#AQM

I oppose and protest the Russian invasion of Ukraine.

#【推しの子】 9巻 評論(ネタバレ注意)

ピンク色のふわふわ髪の、シィルみたいな表紙のこの子は誰だろう。

瞳(星がない)からしてアイでもルビーでもなし、髪型から有馬かなでも黒川あかねでもなし。

強いて言えば、

「【推しの子】」9巻より(赤坂アカ/横槍メンゴ/集英社)

ルビーの芸能科のクラスメイトのみなみ(左の子)ですかね?

脇役とはいえネームドで、MOBじゃないのは確かですけど、表紙にしておくぐらいには今後重要性が増すキャラなんかしらん。

 

地方の病院に務めるアイドルオタな産婦人科医師・ゴローのもとに双子を妊娠したお腹を抱えて訪れた少女は、彼が熱狂するアイドル・アイ(16)だった。驚きショックを受けたゴローだったが、身近に接するアイの人柄に魅了され、彼女の出産を全力でサポートしようと決意する。

だが出産予定日の当日、ゴローはアイのストーカーに殺害される。驚くべきことに、ゴローはアイが出産した男女の双子のうち一人として転生する…

「かぐや様」の赤坂アカの作話を「クズの本懐」等の横槍メンゴが作画、という期待作。

「【推しの子】」9巻より(赤坂アカ/横槍メンゴ/集英社)

要約すると二周目人生は伝説のアイドルの双子の子どもだった転生チートな芸能界サクセスストーリー、ミステリー付き。

縦軸はありつつも、横軸は主人公の2人が芸能界の様々な仕事を渡り歩いて、作者が見知った芸能仕事の機微を描写していく建て付けに。アイドル編、リアリティショー編、2.5次元舞台編、幕間を挟んで強いてラベルを貼るとしたら「バラエティ編」?

公式には「中堅編」と名付けられた新章突入。

「【推しの子】」9巻より(赤坂アカ/横槍メンゴ/集英社)

前巻から時制が半年ほど飛んで、アクアはTVバラエティ番組でレギュラー獲得、多忙ながら新進女優の黒川あかねとの交際も順調。

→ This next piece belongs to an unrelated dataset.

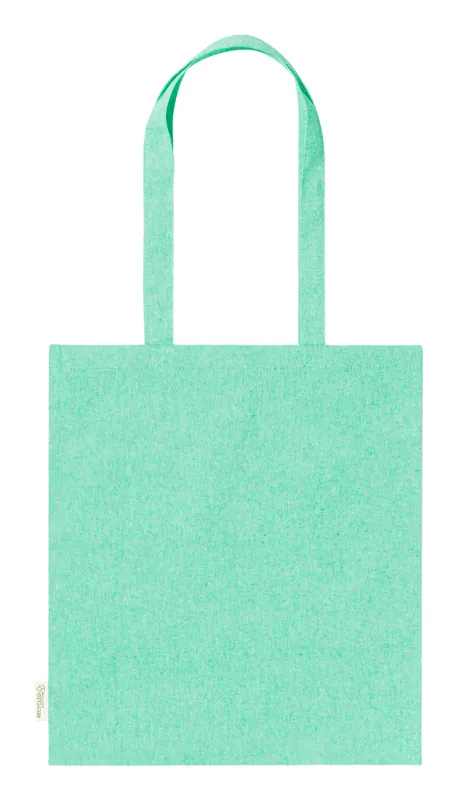 Többször használható, újrahasznosított pamut bevásárlótáska hosszú fülekkel. 100% újrahasznosított pamut, 140 g/m².

ルビーたちのアイドルグループ「B小町」もネットのバズをきっかけに躍進して注目株に。

と一見は順風満帆にブレイク間近な主要キャラ陣の芸能生活だったが、各々の内心には歪みが澱のように溜まり始めていた…

ということで、今巻はバラエティ番組がコスプレ界隈の現場を踏みつけるように取材するエピソード、を踏みつけるようにルビーが暗躍する回。

期せずしてアクアと同じく、アイの復讐を誓うルビーが、真相に近づく手段として「芸能界で売れるため」になりふり構わなくなる感じ。

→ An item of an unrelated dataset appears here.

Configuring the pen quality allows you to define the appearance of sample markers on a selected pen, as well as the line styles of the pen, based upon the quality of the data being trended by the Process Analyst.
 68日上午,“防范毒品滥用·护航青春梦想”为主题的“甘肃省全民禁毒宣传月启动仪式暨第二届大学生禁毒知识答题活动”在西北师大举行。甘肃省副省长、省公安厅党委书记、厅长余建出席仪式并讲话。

相変わらずテーマも芸能界・TV・ネット・コスプレ・同人・配信者・SNSと、時世にキャッチアップして刺激的でキャッチー、かつよく取材した(ように見える)情報を面白くシナリオに組み立て再構築しています。

「(ように見える)」とわざわざ書くのは、自分は芸能界の裏事情とか知らんので、リアルかどうかよくわからんわ、という。

「【推しの子】」9巻より(赤坂アカ/横槍メンゴ/集英社)

ストーリー的には、アクア、ルビー、かな、あかねなど、主要キャラたちの鬱屈・屈折がキモなんかな。

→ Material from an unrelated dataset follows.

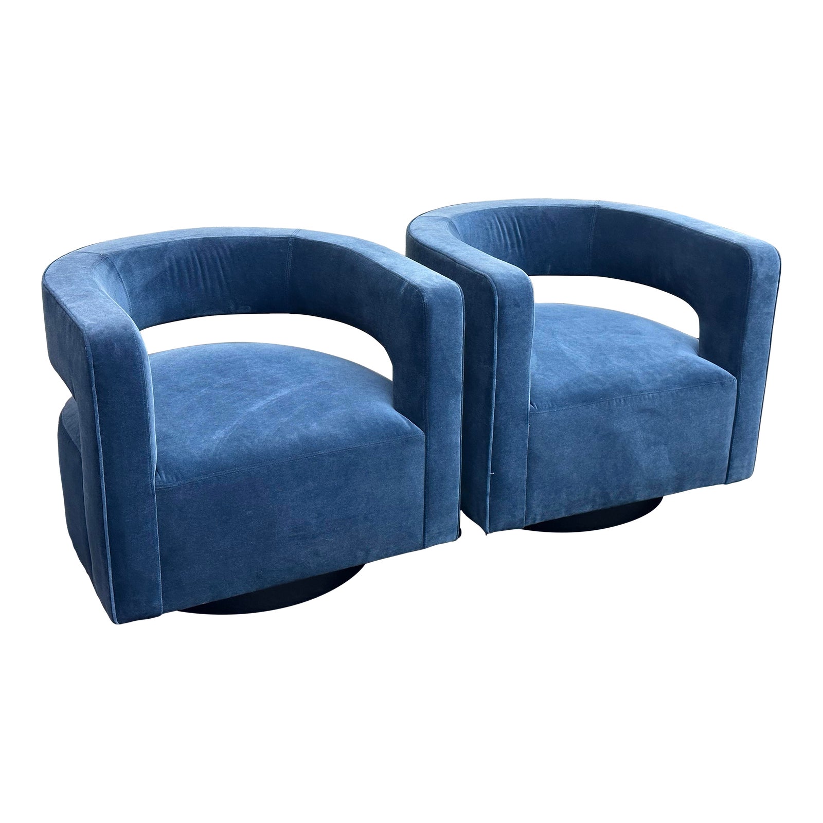 Design Plus Gallery presents a Pair of ‘Drew’ Curvy Swivel Chairs from Restoration Hardware. Their bold, geometric design evokes the originality of 70’s style furniture, complete with a swivel base for those swinging times. Design Plus has the Drew Chairs available in a vintage velvet in a striking Oceanic Blue. There is a solid oak base with ball-bearing mechanism creating a smooth, 360-degree swivel. Handcrafted in the USA. Good condition, some discoloration but overall consistent with age + use.

もっと大きな伏線要素は一旦置いといて、当面はアクアとあかねの恋仲、ルビーの暗躍のモチベーションなどが、いかにも破綻しそうな予感を伴って描かれます。

と、各キャラだんだん曇らせ要素が入りエピソード自体もギスギス荒れがちな中、ちょっと年上のMEMちょが一服の清涼剤というか、『推しの子』の良心というか、良いですね。

「【推しの子】」9巻より(赤坂アカ/横槍メンゴ/集英社)

『チェンソーマン』のコベニちゃん、『かぐや様』のマキちゃんとタイプは違いながら、「幸せになってほしい」「報われてほしい」枠というか。